Mamadou Dia, qui fut journaliste pendant dix ans, s’est inspiré de scènes vécues en Afrique pour réalisé « le père de Nafi », son premier long-métrage.
article par Véronique Cauhapé publié sur le site lemonde.fr, le 09 06 2021
Une ville du Sénégal, entre fleuve et désert, apparaît en vue aérienne. Livrée de haut, presque floue sous la lumière blanche qui l’écrase, elle n’est encore qu’un décor incertain. Puis, dans la poussière des rues et l’obscurité des maisons, la silhouette d’hommes et de femmes donnent vie et singularité au tableau. Chacun, filmé de très près, apporte indices et détails, dessine les premiers contours de l’histoire. Tierno (Alassane Sy) d’abord, l’imam au doux visage que ses poumons malades ont conduit pour la énième fois chez le médecin. Sa fille, Nafi (Aicha Talla), amoureuse de son cousin, Tokara (Alassane Ndoye), tous deux désireux de se marier puis de partir étudier à Dakar. Ousmane (Saikou Lô), père de Tokara et frère de Tierno, revenu dans sa ville natale après de longues années passées en Europe.

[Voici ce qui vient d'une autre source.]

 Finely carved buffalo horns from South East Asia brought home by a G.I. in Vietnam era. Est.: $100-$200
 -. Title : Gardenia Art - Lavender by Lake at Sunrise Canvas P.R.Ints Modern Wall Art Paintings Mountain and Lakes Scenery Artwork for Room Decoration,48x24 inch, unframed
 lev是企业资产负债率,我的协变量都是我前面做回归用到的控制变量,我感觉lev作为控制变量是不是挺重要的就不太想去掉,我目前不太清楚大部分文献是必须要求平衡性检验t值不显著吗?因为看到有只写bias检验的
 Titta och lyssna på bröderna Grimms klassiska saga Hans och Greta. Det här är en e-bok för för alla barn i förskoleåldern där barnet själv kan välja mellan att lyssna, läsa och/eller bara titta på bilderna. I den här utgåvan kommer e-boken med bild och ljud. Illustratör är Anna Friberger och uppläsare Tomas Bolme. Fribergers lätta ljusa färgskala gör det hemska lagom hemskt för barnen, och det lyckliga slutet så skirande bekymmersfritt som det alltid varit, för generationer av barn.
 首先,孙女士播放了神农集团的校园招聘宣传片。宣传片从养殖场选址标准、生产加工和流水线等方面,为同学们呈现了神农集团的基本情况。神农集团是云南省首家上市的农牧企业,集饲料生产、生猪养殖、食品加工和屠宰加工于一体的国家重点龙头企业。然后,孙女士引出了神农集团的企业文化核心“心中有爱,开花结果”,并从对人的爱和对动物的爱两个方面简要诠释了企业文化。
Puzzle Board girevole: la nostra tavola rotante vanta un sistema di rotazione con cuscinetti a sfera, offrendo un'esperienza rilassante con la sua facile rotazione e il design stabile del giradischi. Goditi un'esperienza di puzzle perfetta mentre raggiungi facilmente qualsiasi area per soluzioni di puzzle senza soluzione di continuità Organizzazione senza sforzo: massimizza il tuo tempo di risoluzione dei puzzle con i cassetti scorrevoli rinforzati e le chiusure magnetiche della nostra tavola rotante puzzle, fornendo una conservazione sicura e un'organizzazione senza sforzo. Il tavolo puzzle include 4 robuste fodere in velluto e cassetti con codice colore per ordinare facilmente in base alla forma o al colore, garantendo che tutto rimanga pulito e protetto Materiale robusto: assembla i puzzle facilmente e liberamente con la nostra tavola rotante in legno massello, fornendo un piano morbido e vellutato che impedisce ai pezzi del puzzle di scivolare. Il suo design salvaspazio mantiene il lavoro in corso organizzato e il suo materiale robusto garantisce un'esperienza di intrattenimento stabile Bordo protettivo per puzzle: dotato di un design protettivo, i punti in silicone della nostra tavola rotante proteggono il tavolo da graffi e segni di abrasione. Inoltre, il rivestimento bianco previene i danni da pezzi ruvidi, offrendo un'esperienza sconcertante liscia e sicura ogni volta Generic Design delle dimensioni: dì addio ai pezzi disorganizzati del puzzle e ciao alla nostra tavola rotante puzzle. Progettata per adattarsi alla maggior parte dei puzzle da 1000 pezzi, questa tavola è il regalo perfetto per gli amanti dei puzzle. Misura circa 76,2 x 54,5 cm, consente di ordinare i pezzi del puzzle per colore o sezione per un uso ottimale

Ce petit monde familial, saisi dans les scènes répétitives du quotidien, trahit déjà les crispations sur lesquelles le réalisateur Mamadou Dia construit, avec une infinie patience, son premier long-métrage. Le père de Nafi évolue comme le fil d’un arc avant l’envoi de la flèche. De plus en plus tendu, jusqu’à la vibration et le relâchement. Dans l’intervalle, le récit, qui se sera chargé de tensions et de règlements de comptes, aura gagné une dimension tragique. Laquelle correspond à une vision imaginaire du réalisateur de ce qui pourrait advenir du Sénégal, son pays natal, si les islamistes prenaient le pouvoir.
Journaliste pendant presque dix ans avant de choisir la voie du cinéma, Mamadou Dia a été le témoin de situations similaires, notamment au Nigeria et au Mali. Il s’en est inspiré pour écrire son scénario qui, à partir de la relation de deux frères, met en lumière certaines réalités de l’Afrique subsaharienne. Dysfonctionnement – voire absence – de l’Etat et discrédit dont il souffre auprès de la population, misère fragilisant le noyau familial, puissance des réseaux sociaux traversent ainsi l’histoire du Père de Nafi. Prenant soin de ne jamais porter de jugement, le réalisateur demeure collé à l’intimité de ses personnages. Point de vue qui, suivi au rythme lent des jours et de leurs rituels, permet de révéler la complexité des parcours, des choix passés ou encore à venir.
Combat inégal
Ousmane, lui, a pu décider. Très jeune, il est parti en Europe pour découvrir le monde, loin de la famille. Il en est revenu radicalisé, avec la volonté de développer sa ville et de s’enrichir. A l’inverse, Tierno n’a guère eu d’autre possibilité, à la mort de son père, que de prendre la relève et de devenir imam. Par convention aussi, il a dû épouser une femme plus âgée que lui. De cette union est née une fille, Nafi, avec qui il entretient une belle complicité. D’ailleurs, quand celle-ci lui fait part de son désir d’épouser son cousin Tokara, Tierno ne s’y oppose pas. Tout juste se contente-t-il de lui présenter d’autres garçons pour tenter de la faire changer d’avis. Mais chacun campe sur ses positions et vient le moment de définir les règles du mariage. Moment qui pose les premières bases du conflit opposant d’abord les deux frères, puis deux clans au sein de la petite ville.
Contre l’avis de Tierno et de sa fille, Ousmane souhaite que Nafi, une fois mariée, porte le voile et renonce aux études de neurosciences qu’elle souhaite entreprendre. De même exige-t-il que son fils abandonne l’idée d’intégrer une école de danse. La foi et l’esprit de tolérance de Tierno pèsent bien peu face aux liasses de billets distribuées par Ousmane pour convertir les fidèles à sa pratique politique de l’islam. Le combat est inégal et isole progressivement le premier, tandis que les escadrons des nouveaux convertis commencent à faire régner la terreur dans les rues.
C’est la mise en place de ce long processus de basculement que donne à voir, par de menus et insidieux détails, le film de Mamadou Dia, dont la puissance se révèle dans les silences, les regards fatigués, la place, la position et le mouvement des corps dans le cadre. Absorbé dans cette contemplation, le temps semble suspendu. Il œuvre pourtant sans que nous y prêtions attention. Et ce qu’il inscrit dans nos esprits y demeure longtemps.